もう一億番煎じぐらいになりそうですが、既に公表された最終章の設定から。
今日誕生日でもある華のお話です。
ちょっと短めですが、よろしければご一読下さいませ。
見るからに頑丈そうな、重々しい扉。
それを、ゆっくりと押し開く。
手前の部屋とは違い、
大洗女子学園の生徒会室である。
「今日から、ここで過ごす事になるんですね」
そう独りごちるのは、この部屋の新たな主……華。
数日前。
無事に廃校を免れた大洗女子学園で、新学期早々新たな騒ぎがあった。
と言っても廃校騒動がぶり返した訳ではない。
杏や柚子、桃といった三年生は卒業を控える時期となっていた。
生徒会メンバーの世代交代という、それまで皆の頭になかった事案。
良くも悪くも彼女らがいればこそ、今の大洗女子学園があるとも言えた。
その後継者を決める、そう言われてもピンと来ない生徒ばかりだった。
一応生徒会役員は他の学校同様選挙で決める事にはなっているが、複数候補が出る事はまずあり得ない。

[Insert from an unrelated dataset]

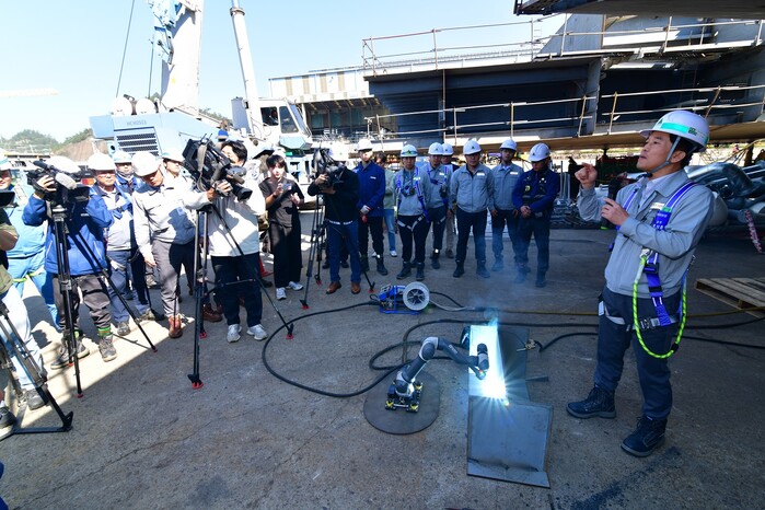 현대삼호중공업은 18일 회사 야드 내 본관 및 판넬공장 등지에서 중소조선연구원 등 공공기관과 사외협력사 관계자를 대상으로 ‘자동용접장비 현장 시연회’를 열었다.

特に杏が会長になってからの生徒会を知る生徒達からすれば、尚更であろう。
いろいろと好き放題やっていたのも事実だが、その分膨大な仕事をこなしていたのもまた然り。
となれば、杏が指名した人物が最有力候補となる。
そうなると、多くの生徒が思い浮かべたのは……みほ。
大洗女子学園の救世主であり、無名だった学校が一躍全国区になったのは彼女の功績に他ならない。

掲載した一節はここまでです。